Why the recent attacks are alarming
So despite terror in the Sahel not being a new problem, the attacks in Ouagadougou, where a hotel and a restaurant was targeted, signify an alarming shift in recent trends. The attacks were supposedly planned by an AQIM-affiliated Egyptian named Seif al Adel, who was recently released from Iranian custody in a prisoner swap for an Iranian diplomat. He was then able to move across the Sahel without being detected by security forces, and able to coordinate the attacks together with Al-Mourabitoun’s Mokhtar Belmokhtar, the ‘uncatchable’. The inability to detain these two demonstrates the general failure of the counter-terrorism struggle in the Sahel: despite huge amounts of money being spent, the results are yet to be seen.
Although AQIM and Al-Mourabitoun have long had a close relationship, there is reason to worry about the fact that they now have planned and carried out two big attacks on Sahelian capitals, as attacks have previously mainly hit military checkpoints in rural areas. According to one analyst at the International Crisis Group, this reflects a change of tactics for the groups as they want to show that they can hold areas larger than their traditional strongholds in northern Mali.

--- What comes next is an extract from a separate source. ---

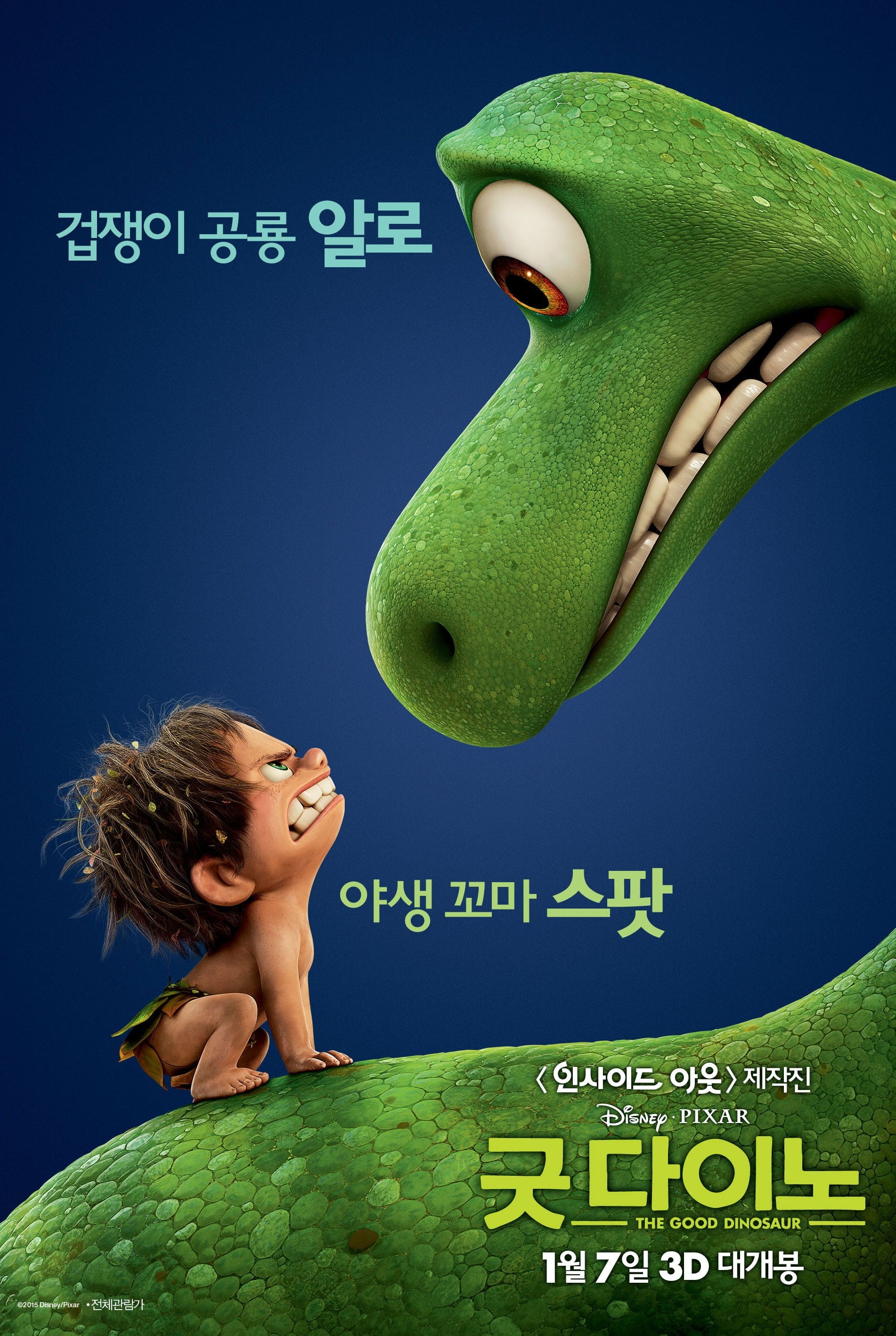 《굿 다이노》(The Good Dinosaur, 2015)는 디즈니·픽사가 제작한 3D 애니메이션으로, "만약 공룡이 멸종하지 않았다면?"이라는 가정에서 출발한 독특한 세계관을 배경으로 합니다. 피터 손 감독의 연출로, 픽사 특유의 감성적 서사와 생생한 자연 묘사, 그리고 따뜻한 우정 이야기를 담아낸 가족 애니메이션입니다.

The attacks in Burkina Faso were partially possible due to the instability following the ousting of President Blaise Compaoré in a 2014 popular uprising. However, as mentioned above, ‘stability’ in the shape of leaders unable to address their countries’ problems does not ensure protection from terror either. What is needed is not only an efficient counter-terrorism program, which often equates despotic spying measures and discrimination, but recognition of the deeper underlying problems facing the Sahel. Unless the poverty, food insecurity, discrimination and deprivation faced by many Sahelians are addressed and dealt with, terrorism is likely to grow in the region, with the attacks on Bamako and Ouagadougou only being a sign of things to come.